Sauternes : Château Rabaud Promis 1988
La robe présente une teinte dorée soutenue, à très légèrement ambrée, avec des larmes bien dessinées au bord du verre. Le nez est intense, net, et complexe, avec des arômes d’abricots rôtis, de miel, de mangues un peu éthérées, de cire, et de curry. La bouche est riche, pleine, glycérinée, avec beaucoup de velouté dans la texture, les fruits sont parfaitement rôtis soulignant la grande qualité du botrytis; de l’amplitude, du volume, et du gras, en milieu de bouche, la finale est longue, généreuse dans sa chair, et complexe dans l’association des saveurs délivrées par les fruits et les épices, très bien équilibrée par l’acidité inhérente au millésime. Noté 17+
Sauternes : Climens 1988
La robe est jaune dorée, avec des larmes nettes au bord du verre à l’agitation, l’olfaction d’abord discrète, s’ intensifie à l’aération, avec des parfums très purs d’abricot, de fruits exotiques, et d’oranges, rôtis et finement miellés, accompagnés de notes florales, et d’épices (curry dominant ). En bouche, beaucoup de concentration, dans une matière serrée, compacte, au toucher très velouté, rappelant celui du satin. Une grande pureté dans l’expression aromatique des saveurs et dans les sensations de rôti, un centre à la fois fin et dense, qui exprime parfaitement la nature du sous-sols calcaire, les saveurs sont mises en exergue par une remarquable acidité sous-jacente qui étire la longue finale, intense, au dessin épuré, et intensément parfumée par un kaléidoscope d’arômes d'une grande séduction, des notes de curry et de safran persistent en ultime sensation. Noté 18+
Les accords
Bien que les accords de texture n’aient pas été recherchés, il en est un qui m’a paru évident, c’est celui obtenu avec le carpaccio de Saint Jacques et Climens, les textures extrêmement veloutées du coquillage et du vin s’épousaient harmonieusement, avec, en plus, un jeu de saveurs séduisant entre le jus frais de la mangue du plat et les mêmes accents du vin, le curry et le safran du vin élargissant le spectre aromatique du plat.
Il fallait un plat, assez vigoureux dans son expression aromatique, pour ne pas s’en laisser compter par la richesse et l’exubérance de Rabaud Promis.

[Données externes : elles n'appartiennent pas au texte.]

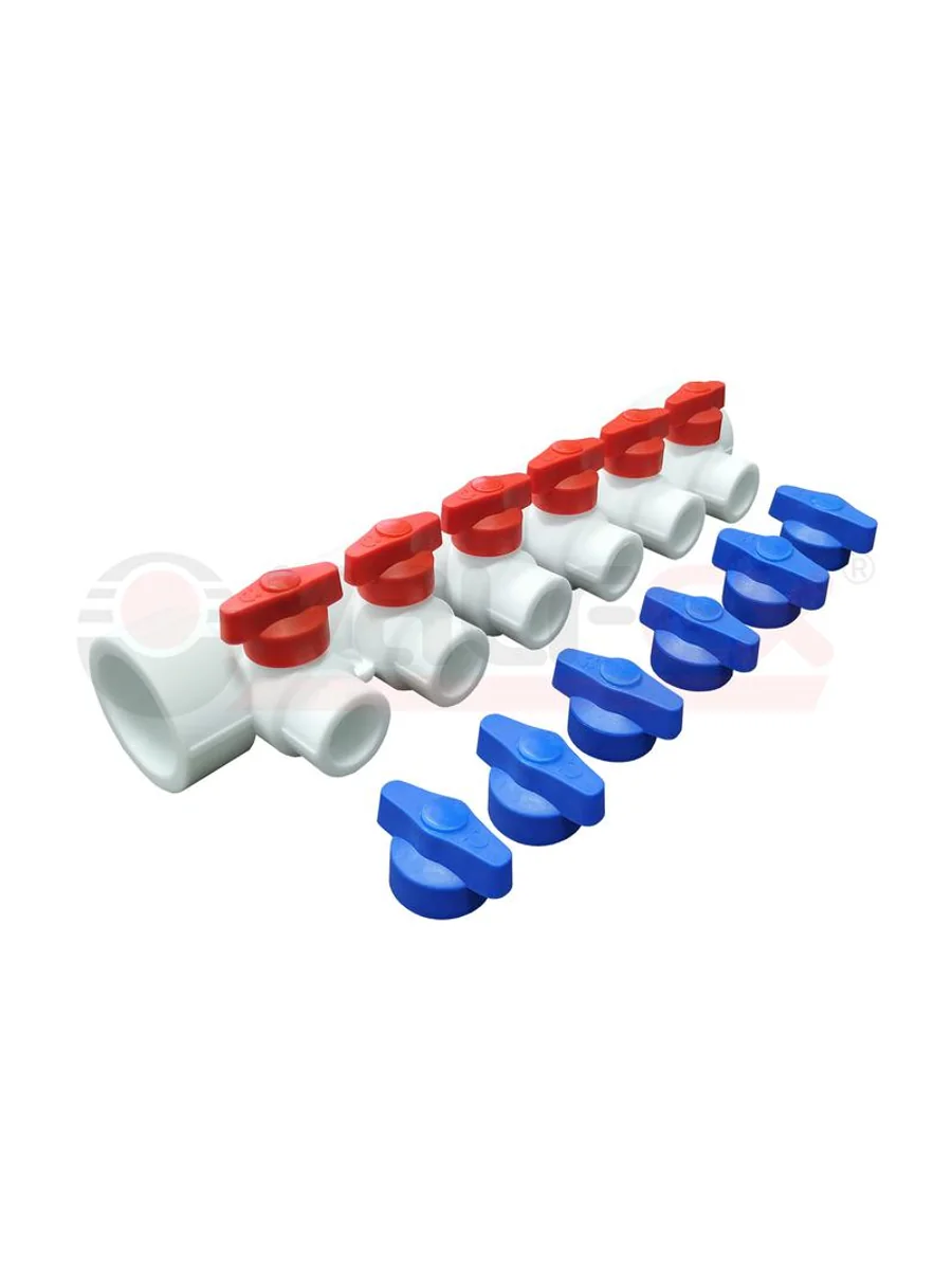 Коллектор универсальный с отсечными кранами 40х20 на 3 выхода (10/1) бел. VALFEX 101134003

Le ris de veau à la texture plus lâche que celle de la noix de Saint Jacques se mariait bien avec un vin au centre plus large que serré, la puissance du nougat à l’ail a évité que le Sauternes n’écrase le plat, l’accord a fonctionné convenablement.

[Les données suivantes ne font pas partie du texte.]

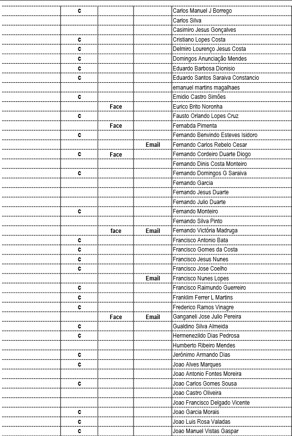 Lista dos ex. Camaradas que tivemos conhecimento do seu falecimento

Le choix de conserver des fruits frais et croquants dans la conception des desserts a contribué à ajouter une dimension acide à celle du vin, la poire et l’orange apportant une tension supplémentaire à celle du Rabaud Promis, et une excellente sensation de fraîcheur à l’ensemble.
La poêlé de kaki et de mangue au sirop de miel, et espuma d’amande, est un mets complexe et délicat. Le vin le plus fin, le plus dense, le plus velouté (Climens) a joué avec ce plat une partition pleine de subtilité et d’élégance, le vin et le mets se répondant avec beaucoup de verve et de jubilation, comme peuvent le faire, dans un exercice de style, deux être se connaissant parfaitement. Un très bel accord.